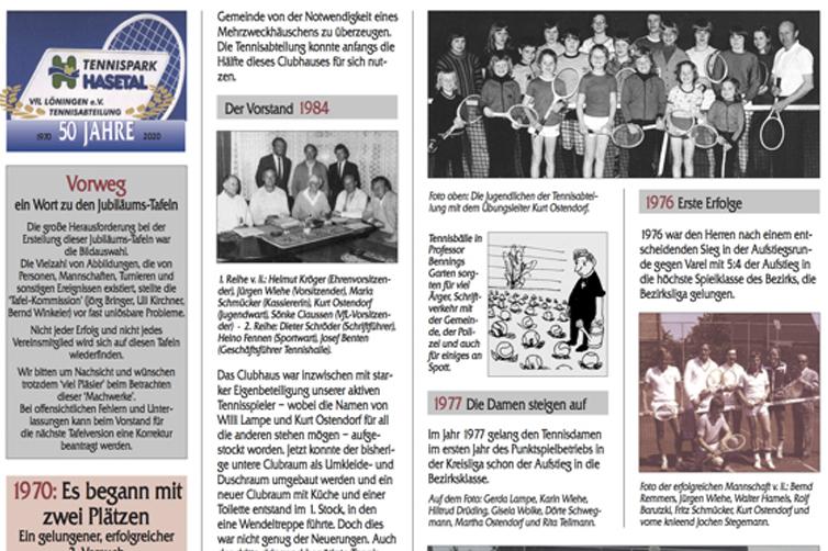 50 Jahre VfL Tennis. Das Bestellformular hängt im Clubhaus aus. Die Preise: Alle 5 Tafeln (DIN A3) = 20 Euro / Einzeltafel (DIN A3) 5 Euro. Es sind auch größere Formate bestellbar. Unter "Klick hier" könnt ihr euch die Tafeln ansehen.
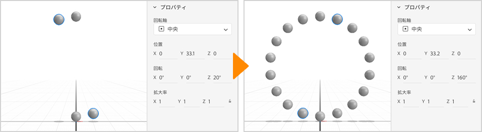 続けて「球グループ」を複製し、プロパティパネルで回転軸を「中央」にして、「回転」の数値を変更します(X : 0°/Y :0°/Z : 2 0°)。
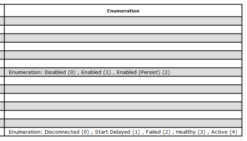 - Enumeration—The Enumeration entries provide additional information about the type of value to which a field can be set.
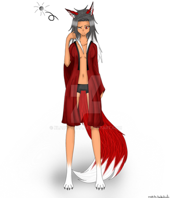 lineart that i did a while ago, finally decided to color it. couldn't stay away from drawing my oc again... meh.Kailey is my OC fox-girl.
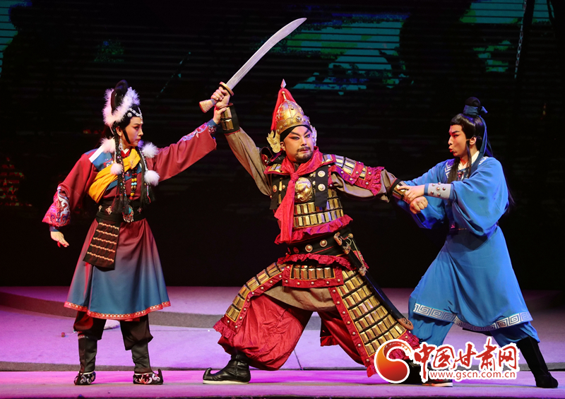隴劇《敦煌》以回鶻族公主格麗莎的命運(yùn)軌跡為結(jié)構(gòu)框架和發(fā)展脈絡(luò),描繪了一幅炎黃子孫在血與火的洗禮中,保護(hù)中華民族文化的宏偉畫(huà)卷,充分詮釋了敦煌文化“美人之美”“美美與共”的開(kāi)放胸襟,“止戈為武”“協(xié)和萬(wàn)邦”的和平思想,“和為貴”“和而不同”的東方智慧以及“自強(qiáng)不息”的奮斗精神、“舍生取義”犧牲精神。
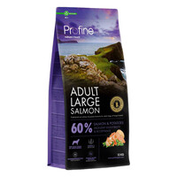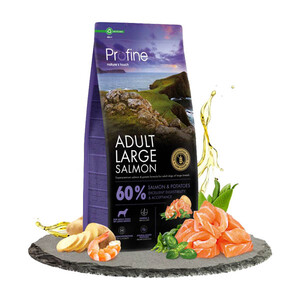 Profine Adult Large Breed Salmon з лососем — це сухий корм суперпреміум класу, створений для дорослих собак великих порід (вагою від 25 кг). Завдяки високому вмісту лосося (38%), корм забезпечує чудове травлення, смакові якості та необхідну енергію для підтримки активного способу життя. Хондропротектори в складі підтримують здоров'я суглобів і скелета.
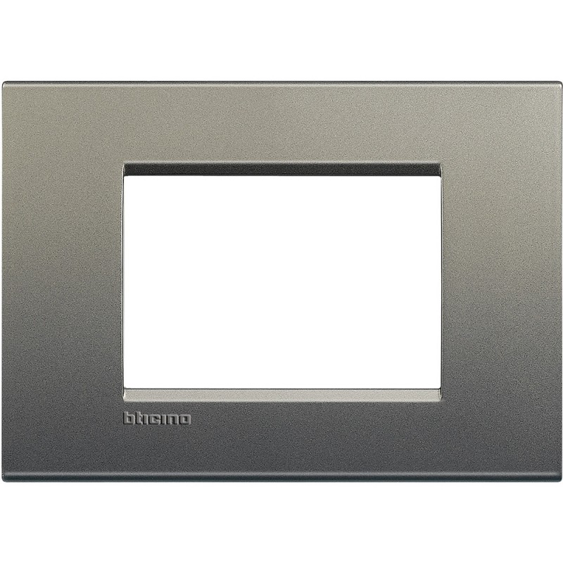 Plaque Carrée 3 modules (inserts, places) Bticino LivingLight couleur avenue. Elle ne peut être installée que sur le support : LN4703. La plaque n'est pas installée sur les autres séries Bticino mais uniquement sur LivingLight.
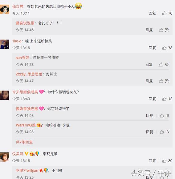 有的粉丝就表示伤心,“老扎心了!!!”“为何强调现女友?”“这个女生是张雨薇啊 好美丽的”“女的是我们高中校花耶”“怎样没有经过我赞同就把我的照片发布出来???不就跟我男冤家吃顿饭嘛!有必要这样少见多怪??!!!”

---

# TASK STATEMENT:
Once the line with "続けて「球グループ」を複製し、プロパティパネルで回転軸を「中央」にして、「回転」の数値を変更します(X : 0°/Y" is found, output it and every line after it through the end of the listing, exactly, without pictures.

# YOUR SOLUTION:
 続けて「球グループ」を複製し、プロパティパネルで回転軸を「中央」にして、「回転」の数値を変更します(X : 0°/Y :0°/Z : 2 0°)。
 - Enumeration—The Enumeration entries provide additional information about the type of value to which a field can be set.
 lineart that i did a while ago, finally decided to color it. couldn't stay away from drawing my oc again... meh.Kailey is my OC fox-girl.
隴劇《敦煌》以回鶻族公主格麗莎的命運(yùn)軌跡為結(jié)構(gòu)框架和發(fā)展脈絡(luò),描繪了一幅炎黃子孫在血與火的洗禮中,保護(hù)中華民族文化的宏偉畫(huà)卷,充分詮釋了敦煌文化“美人之美”“美美與共”的開(kāi)放胸襟,“止戈為武”“協(xié)和萬(wàn)邦”的和平思想,“和為貴”“和而不同”的東方智慧以及“自強(qiáng)不息”的奮斗精神、“舍生取義”犧牲精神。
 Profine Adult Large Breed Salmon з лососем — це сухий корм суперпреміум класу, створений для дорослих собак великих порід (вагою від 25 кг). Завдяки високому вмісту лосося (38%), корм забезпечує чудове травлення, смакові якості та необхідну енергію для підтримки активного способу життя. Хондропротектори в складі підтримують здоров'я суглобів і скелета.
 Plaque Carrée 3 modules (inserts, places) Bticino LivingLight couleur avenue. Elle ne peut être installée que sur le support : LN4703. La plaque n'est pas installée sur les autres séries Bticino mais uniquement sur LivingLight.
 有的粉丝就表示伤心,“老扎心了!!!”“为何强调现女友?”“这个女生是张雨薇啊 好美丽的”“女的是我们高中校花耶”“怎样没有经过我赞同就把我的照片发布出来???不就跟我男冤家吃顿饭嘛!有必要这样少见多怪??!!!”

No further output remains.